--- Material provided ---

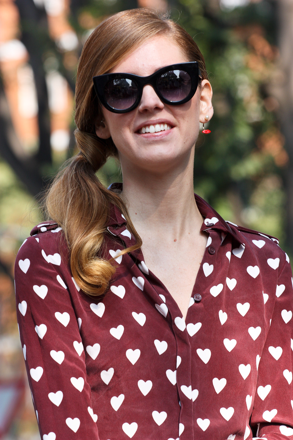 Milan Fashion Week 2013, photos from Giorgio Armani Fashion show
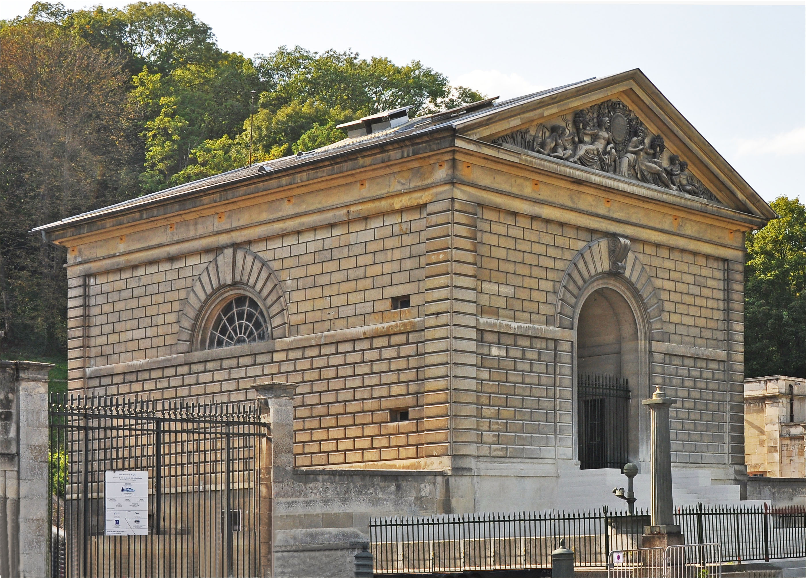 Marly Machines. Building of the steam engine of Cécile and Martin.
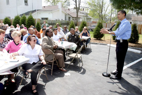 Senator Obama speaks to supporters at a luncheon in Cairo, IL on Thursday, April 15. Senator Obama and Senator Durbin spent 3 days campaigning downstate on a tour of 22 cities and towns. (David Katz/Obama for Illinois)

---

• **What needs to be done**: Recreate the listing above word for word, dropping each picture it contains.

• **Exercise output**:
 Milan Fashion Week 2013, photos from Giorgio Armani Fashion show
 Marly Machines. Building of the steam engine of Cécile and Martin.
 Senator Obama speaks to supporters at a luncheon in Cairo, IL on Thursday, April 15. Senator Obama and Senator Durbin spent 3 days campaigning downstate on a tour of 22 cities and towns. (David Katz/Obama for Illinois)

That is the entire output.